# 294edo

← 293edo | 294edo | 295edo → |

^{2}**294 equal divisions of the octave** (abbreviated **294edo** or **294ed2**), also called **294-tone equal temperament** (**294tet**) or **294 equal temperament** (**294et**) when viewed under a regular temperament perspective, is the tuning system that divides the octave into 294 equal parts of about 4.08 ¢ each. Each step represents a frequency ratio of 2^{1/294}, or the 294th root of 2.

294edo has a very accurate fifth inherited from 147edo, only 0.086 cents sharp, but it has a 5/4 which is 1.441 cents sharp and a 7/4 which is 1.479 cents flat, so that 7/5 is 2.920 cents flat, rendering it inconsistent in the 7-odd-limit.
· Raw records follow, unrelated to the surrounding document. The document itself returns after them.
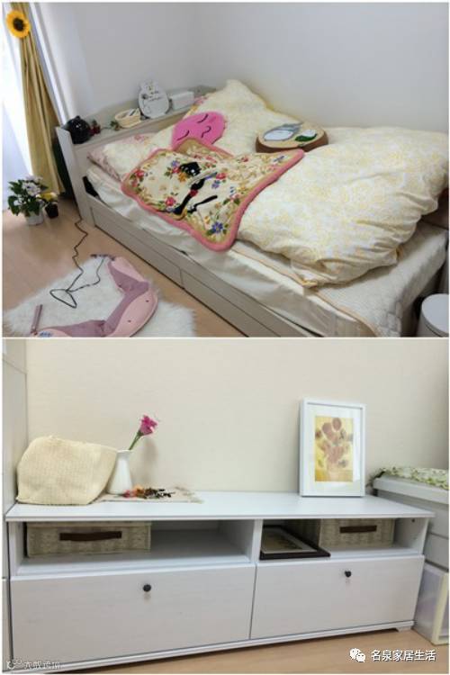 8.首先,一定要选带柜子的床,这样床头柜,以及本身床体所带的空间可以容纳很多的衣物。我一般会选择把不是当季穿的衣服放到床体自带的柜子里去,这样,只需要按季节整理衣物就可以了。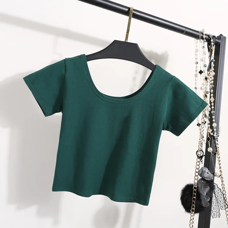 Лидер продаж, пикантный укороченный топ с U-образным вырезом, женская футболка с коротким рукавом, футболка, короткая футболка, базовые эластичные футболки, женские футболки в стиле Харадзюку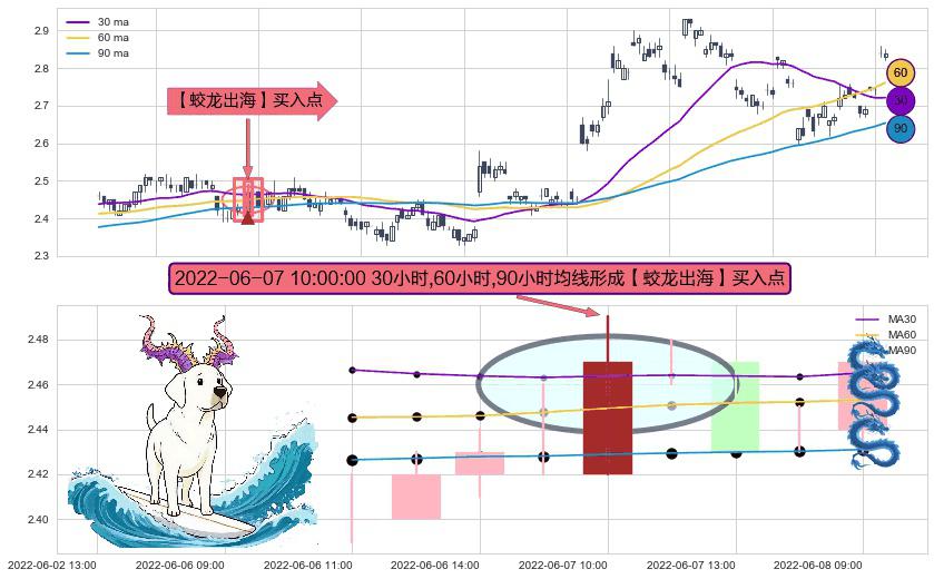 ⚀ 2022-06-07 10:00:00小时显现 30小时-60小时-90小时均线 【蛟龙出海】买入点 看多信号,后市看涨,买入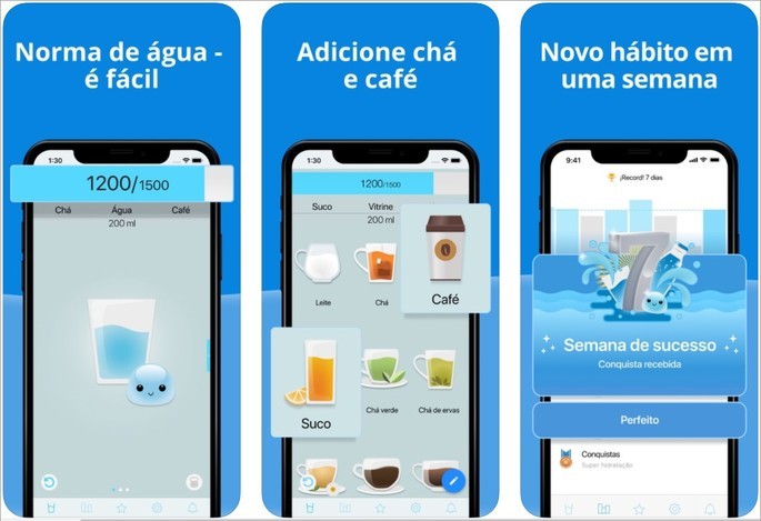 É só procurar por ”beber água” na sua loja de aplicativos e escolher o que melhor combina com você.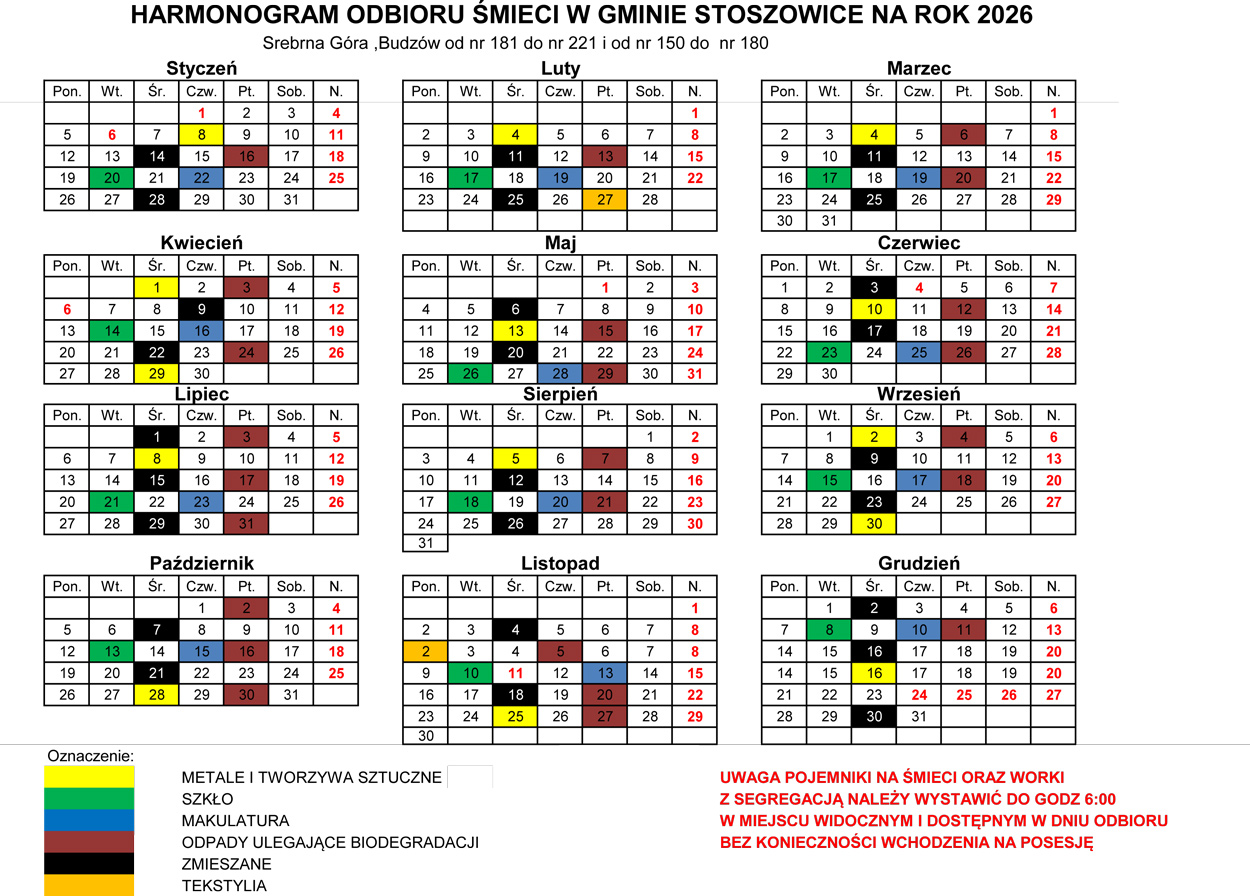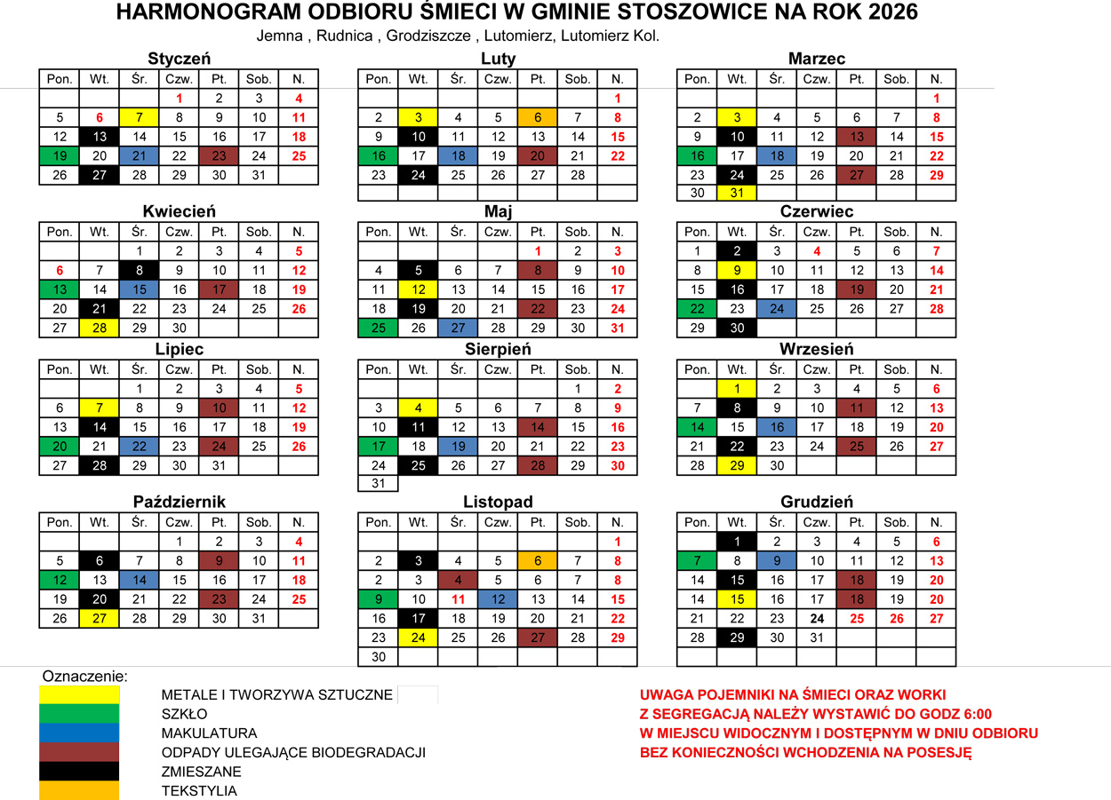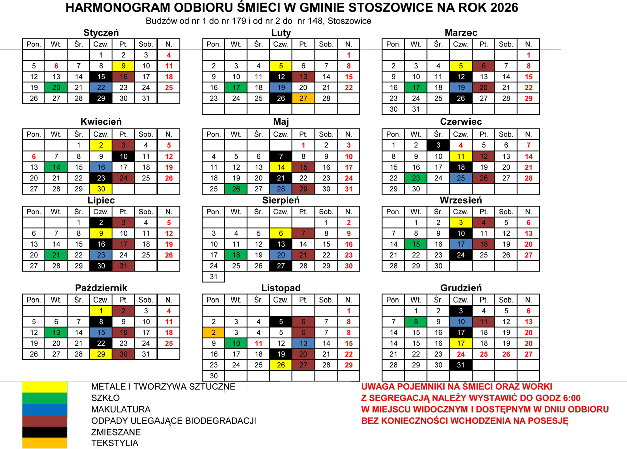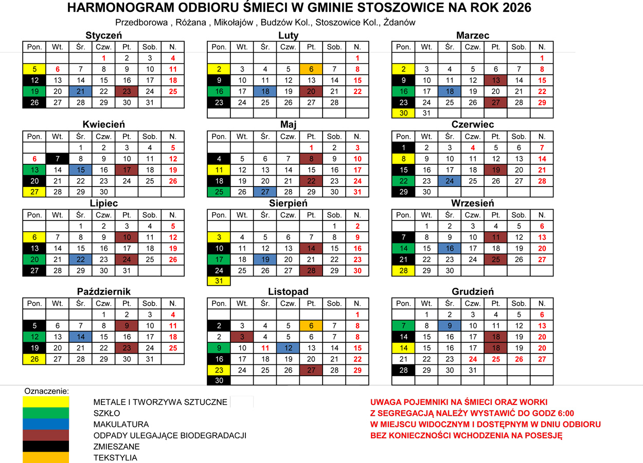 Informacja o harmonogramie wywozu odpadów selektywnych i zmieszanych w gminie Stoszowice w 2026r.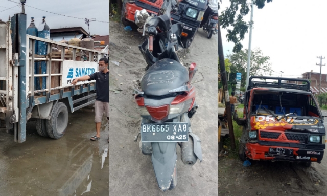 “Usai tabrakan itu, kemudian Mobil Mitsubishi Pick Up L300 tersebut menabrak Sepeda Motor Yamaha Mio Soul Gt BK 6665 XAQ yang sedang beriringan di belakang Mobil Truck Hino yang dimaksud, dan yang bersentuhan bagian depan sebelah kanan Mobil Pickup L 300 tersebut dengan bagian bak belakang sebelah kanan Mobil Truck Hino yang dimaksud,” katanya.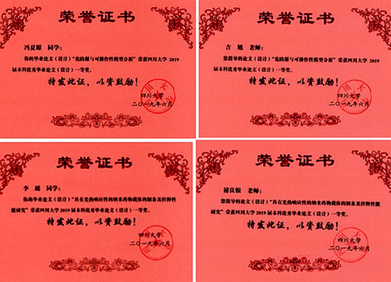 川大教【2019】102号文件公布了“Mksport体育app官网入口关于表彰2019届本科优秀毕业论文(设计)获奖者的决定”,并对获奖员工和指导老师给予了表彰,其中公司获得Mksport体育app官网入口2019届本科优秀毕业论文(设计)17篇。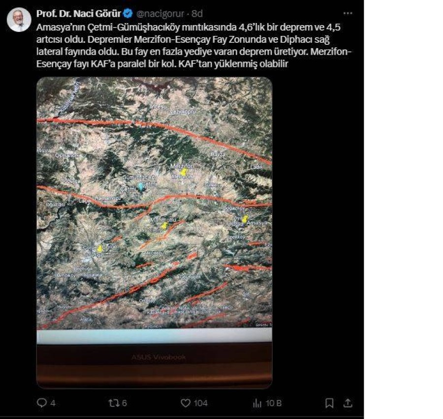 "Amasya'nın Çetmi-Gümüşhacıköy mıntıkasında 4,6'lık bir deprem ve 4,5 artcısı oldu. Depremler Merzifon-Esençay Fay Zonunda ve Diphacı sağ lateral fayında oldu. Bu fay en fazla yediye varan deprem üretiyor. Merzifon-Esençay fayı KAF'a paralel bir kol. KAF'tan yüklenmiş olabilir."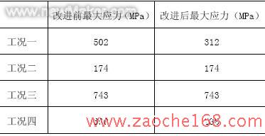 由于本文采用的是線性分析,并且在幾何模型傳遞過程中,由于時間關(guān)系局部存在模型尖角沒有很好處理,因此導(dǎo)致結(jié)果數(shù)值較大,實(shí)際結(jié)構(gòu)不會出現(xiàn)這么大的應(yīng)力值,因此我們只對改進(jìn)前后的最大應(yīng)力值變化進(jìn)行考評,以判斷改進(jìn)方案是否有效可行。改進(jìn)前后最大應(yīng)力值見下表: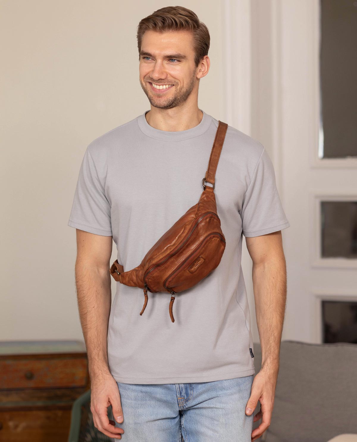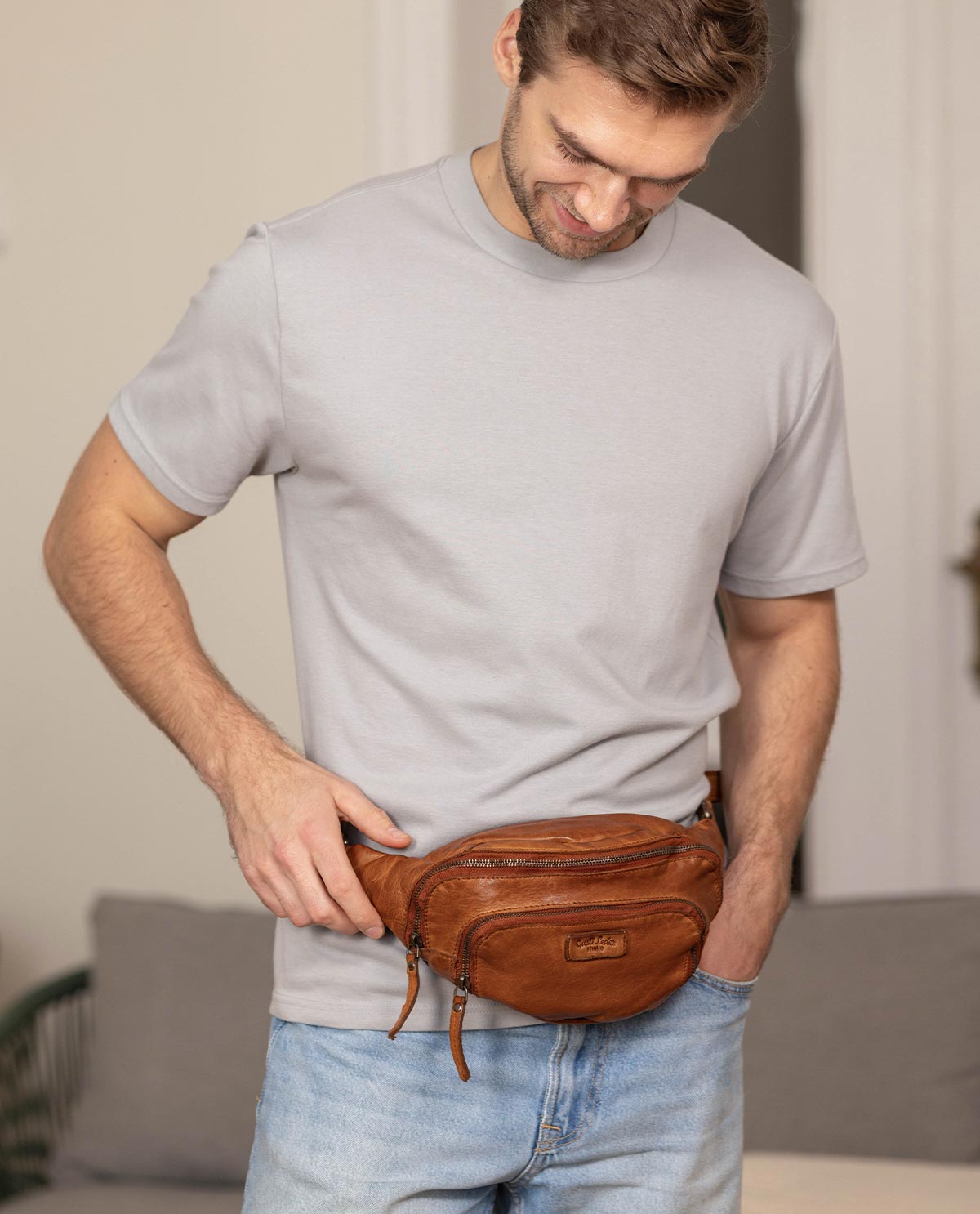 Tu cherches encore un sac banane cool pour la prochaine saison des festivals, un moyen de rangement pratique pour les snacks sur la piste ou simplement un petit sac pour garder tes affaires ensemble ? Alors tu es au bon endroit avec "Sverre" ! Le look vintage cool fait de ce sac en cuir de vachette robuste quelque chose de vraiment spécial, tu seras toujours bien stylé. Dans le grand compartiment principal, tu peux ranger généreusement tes affaires. À l avant, tu trouveras encore deux petites poches supplémentaires, que tu peux également fermer avec une fermeture éclair. Le Coachella peut arriver ! Mais même en hiver, il fait bonne figure lors des concerts et emporte sans effort portefeuille, clés et smartphone pour toi ! Ainsi, tu peux danser sans souci et profiter de la musique, tes affaires sont en sécurité.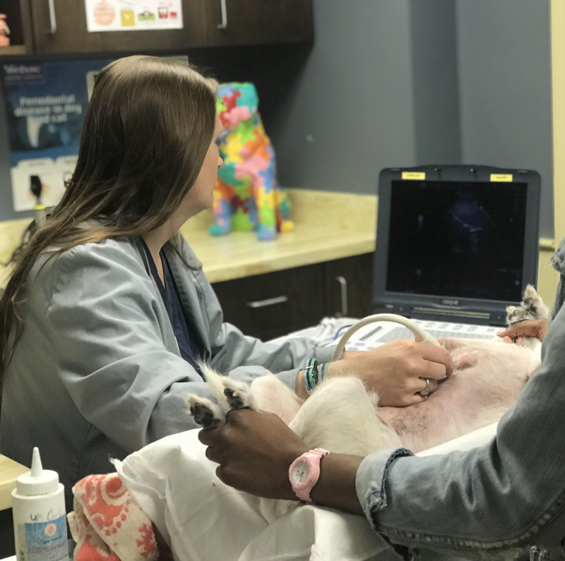 Ultrasound is a non-invasive imaging tool that allows us to view your pet’s internal organs in real time. It is commonly used to evaluate abdominal structures such as the liver, kidneys, bladder, intestines, and spleen. In other situations, ultrasound may also be used to assess the heart or look for fluid within the chest or abdomen. This imaging tool provides detailed information about soft tissues and is often used alongside other diagnostics to help guide diagnosis and treatment planning.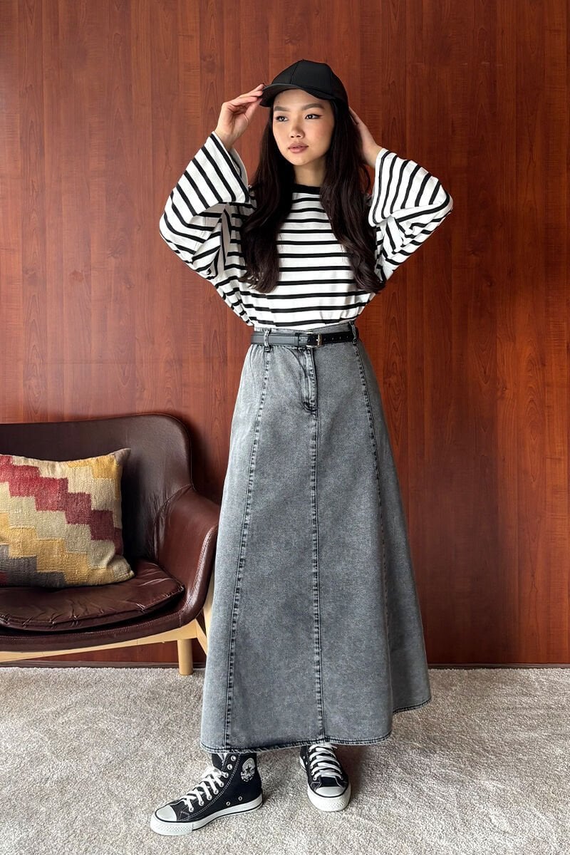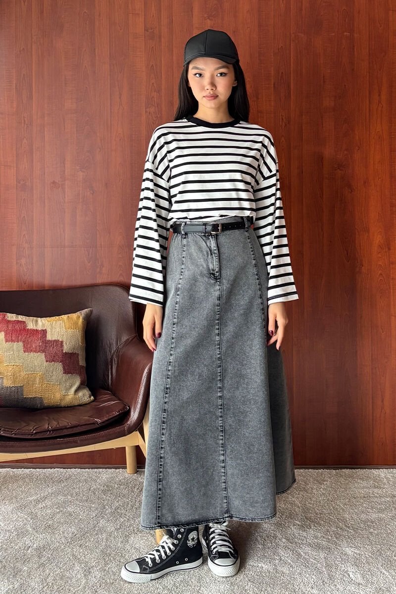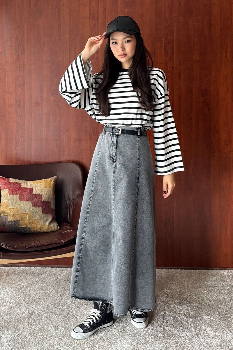 Bu muhteşem kot piliseli korsaj etek, şıklığı ve rahatlığı bir arada sunar.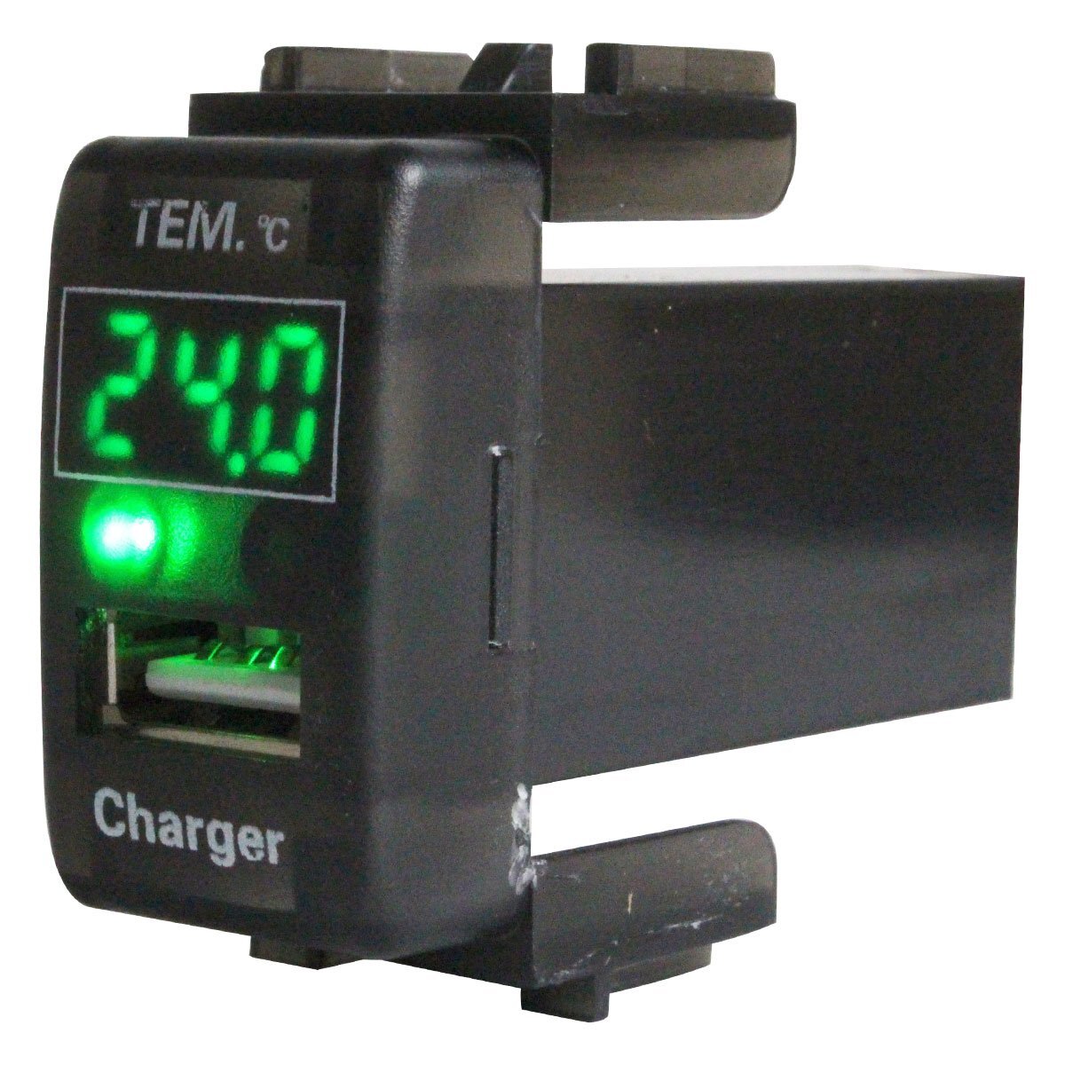 - 『ニッサンA』 セレナ C26 H22.11~現在 LED/グリーン 温度計+USBポート 充電 12V 2.1A 増設 パネル USBスイッチホールカバー 電源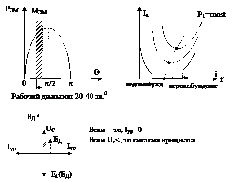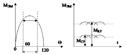Вентильный двигатель работает в режиме угловой характеристики при изменении угла Q от 600 до 1200, при этом обеспечивается среднее значение электромагнитного момента.

In the 5-limit the equal temperament tempers out 393216/390625, the würschmidt comma, and [54 -37 2⟩, the monzisma. The patent val tempers out 10976/10935, the hemimage comma, and 50421/50000, the trimyna comma, and supplies the optimal patent val for trimyna temperament, as well as its 11-limit extension, and also supplies the optimal patent val for the rank-4 temperament tempering out 3773/3750. The 294d val tempers out 16875/16807 and 19683/19600 instead, supporting mirkat, whereas 294c tempers out 126/125 and 1029/1024, supporting valentine.

### Prime harmonics

Harmonic | 2 | 3 | 5 | 7 | 11 | 13 | 17 | 19 | 23 | 29 | 31 | |
---|---|---|---|---|---|---|---|---|---|---|---|---|

Error | Absolute (¢) | +0.00 | +0.09 | +1.44 | -1.48 | -0.30 | +0.29 | +1.17 | +0.45 | +0.30 | -1.01 | +1.90 |

Relative (%) | +0.0 | +2.1 | +35.3 | -36.2 | -7.3 | +7.1 | +28.6 | +10.9 | +7.3 | -24.6 | +46.6 | |

Steps (reduced) |
294 (0) |
466 (172) |
683 (95) |
825 (237) |
1017 (135) |
1088 (206) |
1202 (26) |
1249 (73) |
1330 (154) |
1428 (252) |
1457 (281) |

### Subsets and supersets

Since 294 factors into 2 × 3 × 49, 294edo has 2, 3, 6, 7, 14, 21, 42, 49, 98, and 147 as its subsets.